▸ **Information shown**
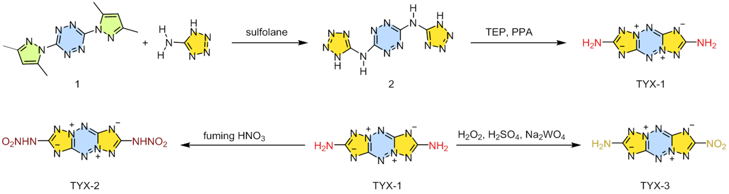 更令人称道的是,该团队同步开发出仅需2–3步的高效合成工艺,成功实现TYX系列含能材料的规模化制备,且全程规避高敏感中间体,为未来工程转化打下坚实基础。
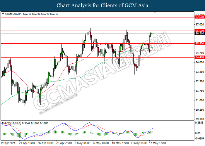 CrudeOIL, H4: Crude oil price was traded higher following prior rebound from the lower level. MACD which illustrated bullish momentum suggest the commodity to extend its gains after breaking the resistance level at 66.50.
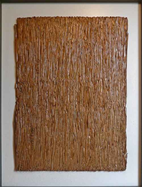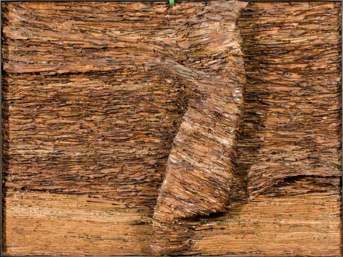 Radice di albero secca appesa come fosse un quadro sul lato di taglio del tronco. Lo sviluppo di crescita è prevalentemente orizzontale con un elevato numero di radici che dipartono dalla base del fusto.

▸ **What the task asks**
Starting with the first line of the material above and ending with the line that holds "CrudeOIL, H4: Crude", write out those lines exactly, without pictures.

▸ **Answer to this task**
 更令人称道的是,该团队同步开发出仅需2–3步的高效合成工艺,成功实现TYX系列含能材料的规模化制备,且全程规避高敏感中间体,为未来工程转化打下坚实基础。
 CrudeOIL, H4: Crude oil price was traded higher following prior rebound from the lower level. MACD which illustrated bullish momentum suggest the commodity to extend its gains after breaking the resistance level at 66.50.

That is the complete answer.